9.5 Measurement reliability

Diagnostic tests must be accurate and precise. Accuracy represents how closely the test provides a value which is close to the true value for the patient. Precision tells us how repeatable a test result is. That is, if we repeat the test, under the same conditions using the same samples, we should get similar results.

For example, in the blood test above, how do we know that the value obtained for the measurement of sodium concentration in serum is actually the concentration of sodium in the patient’s serum? And if we were to take blood tests multiple times from the same patient how close would the measurements for serum concentration be to each other?

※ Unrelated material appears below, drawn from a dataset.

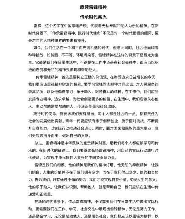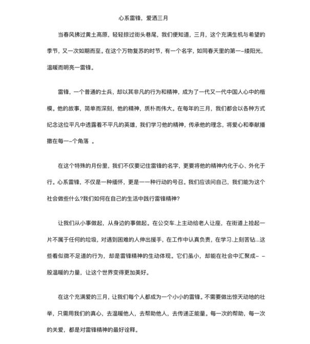 此次征文活动,以雷锋精神为核心,唤起了同学们对雷锋精神的关注,有助于引导大家在日常生活中践行雷锋精神,为构建和谐社会贡献青春力量。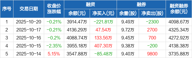 鸿路钢构:融资净偿还221.81万元,融资余额3914.47万元(10-20)

For determining accuracy, how could we know what the true value is? One way this is done in biomedical diagnostics is to compare the results of the test with results obtained using another method (or methods). Quite often these other methods are ‘gold standard’ techniques which are known to be highly accurate and precise for a certain measurement but are not widely used because they are less convenient or more expensive. The other alternative to estimate the accuracy of a test is to use a known standard in the measurement. For example, in a blood test where the concentration of a particular analyte is being measured then a measurement could also be made of serum which has had a known amount of the analyte added. In this way a standard has been produced to provide a theoretically true value.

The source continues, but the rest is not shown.